Purpose: This study aimed to analyze the effects of core materials, remaining tooth structures, and interfacial bonding on stress distribution in endodontically treated teeth using finite element analysis (FEA).
Materials and methods: Three-dimensional FEA was conducted using a reverse engineering technique based on maxillary premolars scanned by micro-computed tomography. Six models were generated with or without ferrules and with one of the following three abutment systems: metal core, resin core, or resin core with fiber posts. In each model, bonding and debonding were assumed in the dentin and surrounding structures: bonded and debonded models. The maximum principal stress values were recorded, and stress distribution of the entire restored teeth and dentin was generated. Furthermore, the distribution of the displacement vector of the debonded models was generated.

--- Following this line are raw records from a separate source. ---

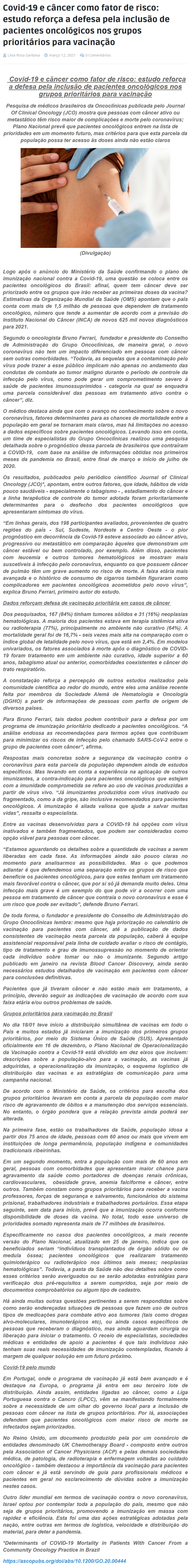 ONLINE - estudo reforça a defesa pela inclusão de pacientes oncológicos nos grupos prioritários para vacinação - 12.03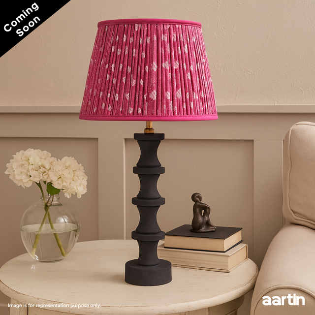 Want to add a bold touch to your room? Meet the Nova table lamp base in matte black. Made of mango wood, its playful, stacked design brings a modern edge to any space. The deep black tone works well with bright or simple lampshades, making it easy to style. Great for side tables, study desks or living room corners. For the right balance, pair it with a shade that’s around 35–40 cm wide.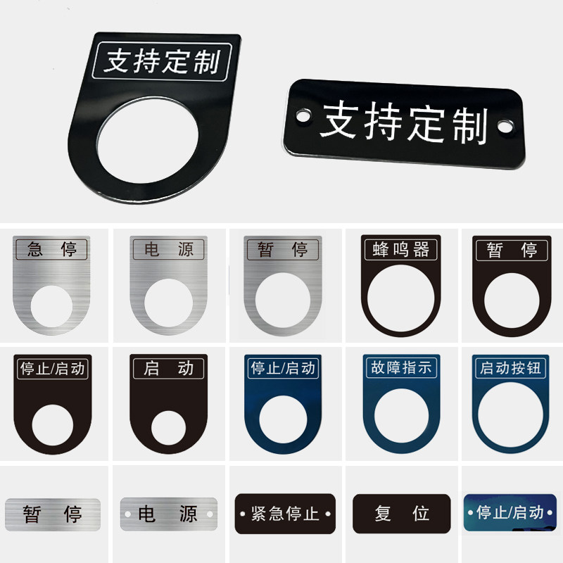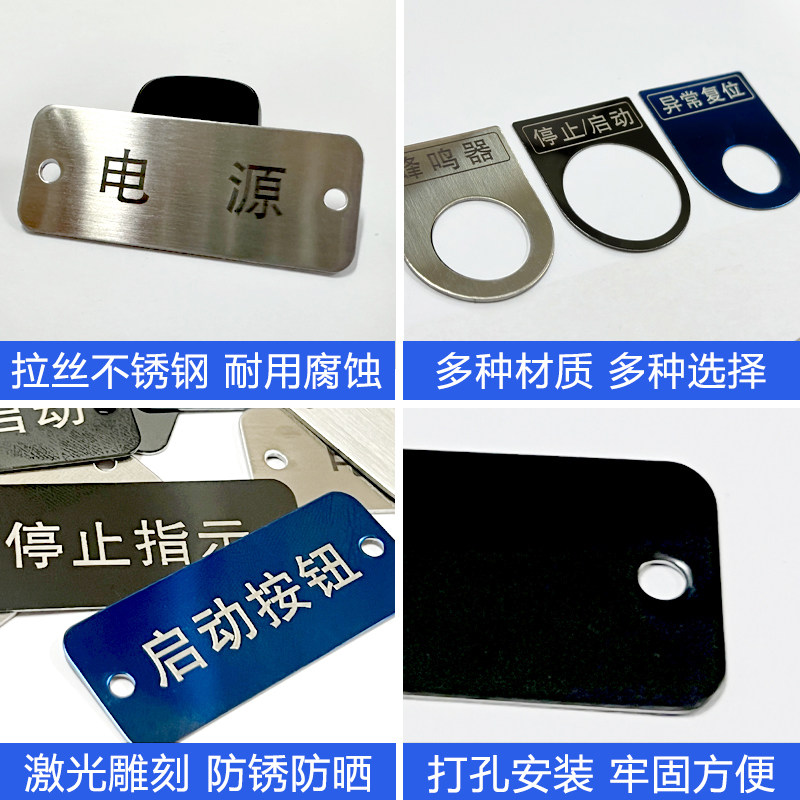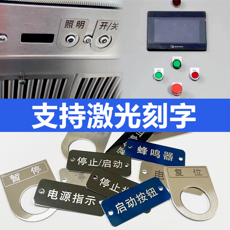 电气按钮标识牌22mm孔激光不锈钢急停启动开关指示牌设备铭牌定制

Results: In comparing the bonded and debonded models, the debonded models showed larger values for tensile stresses than those in bonded models for all abutment models. The models without ferrules rotated around the center of the abutment, whereas those with ferrules did not show remarkable displacement in the analysis.
Conclusion: FEA assuming fracture of adhesive interface proved to be an effective method to clarify the significance of ferrules. It prevents stress concentration in dentin by reducing the rotation of the abutment, even when the adhesive fails.
Keywords: composite resins; dental bonding; dental materials; endodontically-treated tooth; finite element analysis.
© 2023 by the American College of Prosthodontists.